W ankiecie pytano mieszkańców m.in. o to, czy istnienie monitoringu zwiększa ich poczucie bezpieczeństwa, czy ilość kamer w mieście jest wystarczająca i czy monitoring w ogóle jest w mieście potrzebny.
Jak się okazało, konsultacje nie cieszyły się popularnością wśród mieszkańców. W określonym terminie wpłynęło 28 wypełnionych ankiet, 2 opinie zostały również wyrażone w komentarzach na miejskiej platformie konsultacyjnej.
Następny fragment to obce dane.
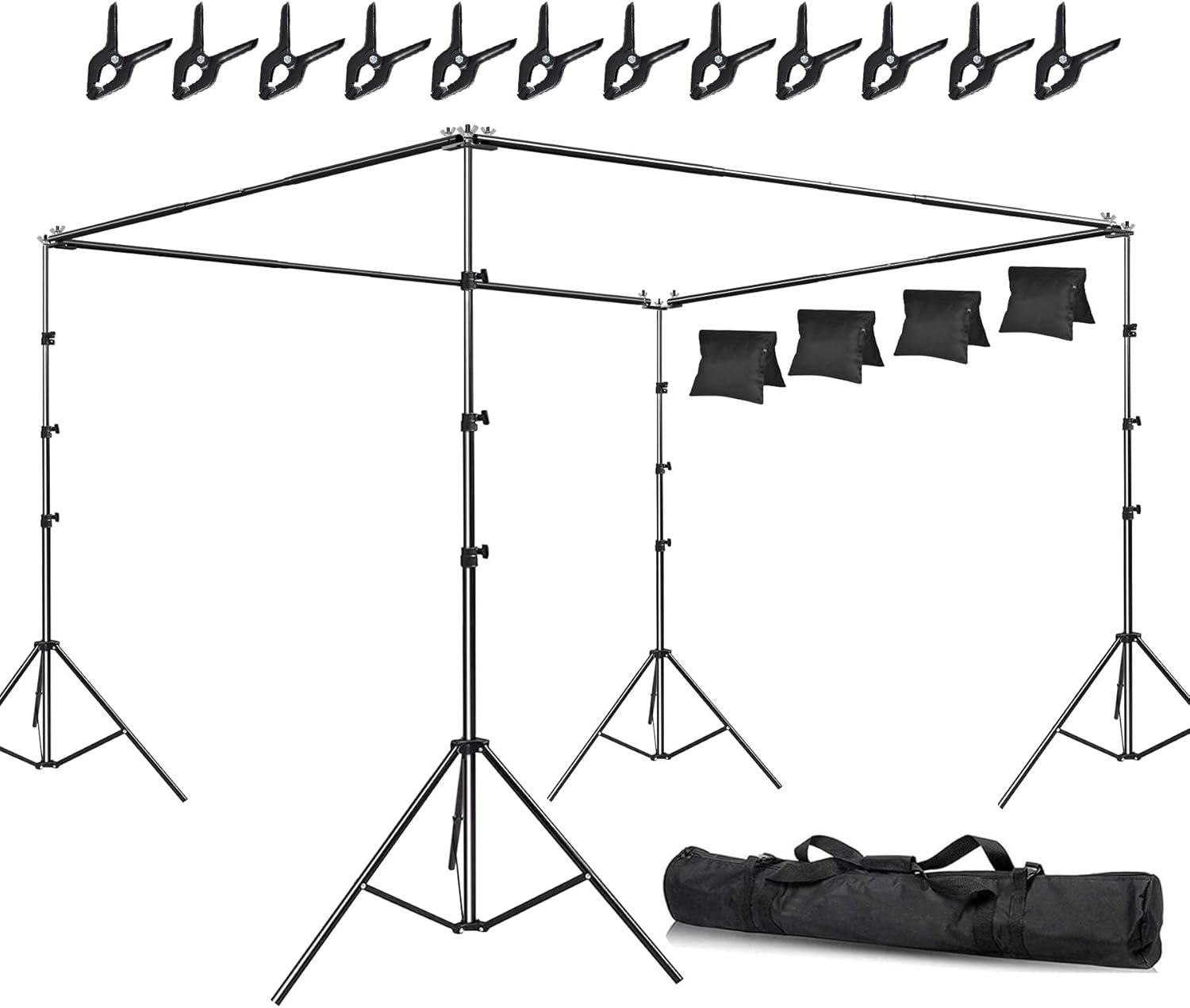 Package Includes: 4 x Heavy Duty Telescopic Crossbars: 8pcs-Interlocking Bars (40 FT) / 4 x Heavy Duty Light Stands (8.5 FT), / 4 x 300° Angle Adjustable Crossbar Connector / 4 x wing nut / 12 x heavy duty spring clamps/ 4 x Sand Bags/1 x Carry Bag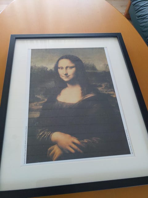 Mona Lisa m/ramme kjøpt på Louvre i Paris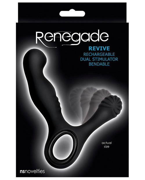 Renegade Revive will rock your world! Fashionably designed to deliver vibrations where you want them most. Revive’s dual motors target the prostate and the testicles. This adjustable wonder bends to reach all the right places. Silicone coated and rechargable premium male massager will ignite your passions and deliver extraordenery satisfaction. Waterproof and suitable for all lubricants. Magnetic USB charger included. Product Dimensions: 5.5 x 1 x 4.1. From NS Novelties.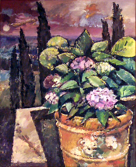 Hortensien und Zypressen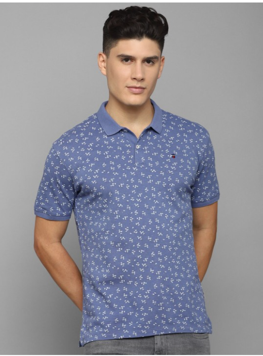 Floral Micro Ditsy Printed Polo Collar Slim Fit Pure Cotton T-shirt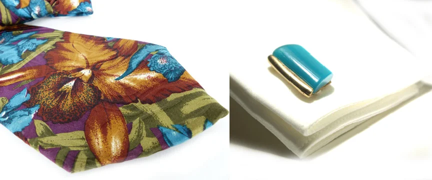 OWN THE OFFICE: Brilliant Pop Art silk tie with a pair of Czech floral glass and pearl cufflinks.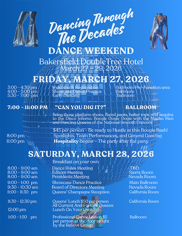 “Dancing Through the Decades”, will be held March 28, 29, 2026 at the The Doubletree Hotel located at 3100 Camino Del Rio Court, Bakersfield, CA 93308.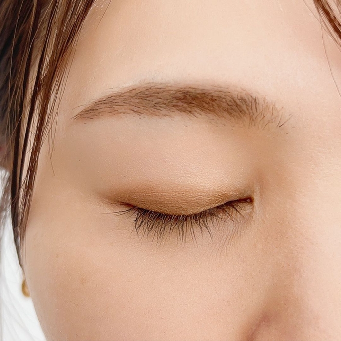 目元に深みと明るさをプラスするキャラメルのような軽やかなブラウンに、ひと塗りでおしゃれ顔に仕立てるボルドーの組み合わせ。
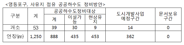 위 용역 결과에 따르면 영등포구 사유지 통과 공공하수관로는 총 53개소 약 1.25km이며 그중 수리적 안정성, 이설 가능성, 주위여건 등을 종합적으로 검토하여 이설 가능구간 30개소 약 435m를 선정하였고, 지형여건, 대체 공공부지 부재 등으로 당장에 이설이 불가능한 구간(현상유지) 약 453m에 대해서는 장기적인 이설방안을 마련할 계획이다. 또한, 그 외, 도시개발사업 예정구간 14개소 약 362m에 대해서는 재개발, 재건축 등과 연계하여 정비할 예정이다.

Zakładając zatem, że 1 ankieta to głos 1 mieszkańca, w konsultacjach wzięło udział niewiele ponad 1 promil ogółu.
Jeszcze słabiej wyglądała frekwencja podczas spotkania z przedstawicielami służb mundurowych, podsumowującego przedsięwzięcie. W poniedziałek (10.10) po południu w sali konferencyjnej Urzędu Miejskiego pojawił się jedynie wnioskodawca konsultacji radny Łukasz Zakrzewski i dwaj dziennikarze. Po kilku minutach do zebranych dołączyli radni Cezary Piórkowski i Paweł Grzeszczak oraz burmistrz Wojciech Iwaszkiewicz, wracający z posiedzenia komisji.
-To informacyjna i organizacyjna porażka Urzędu Miejskiego – skomentował brak mieszkańców radny Zakrzewski, dodając, iż nadal będzie walczył o przeprowadzanie konsultacji.
Burmistrz Giżycka Wojciech Iwaszkiewicz apelował do radnego Zakrzewskiego o większe zaufanie do służb odpowiadających za bezpieczeństwo w mieście i powiecie.
– Wyniki konsultacji uważam za cenne, ale na podstawie tych 30 opinii nie można podjąć wiążących decyzji – dodał Iwaszkiewicz.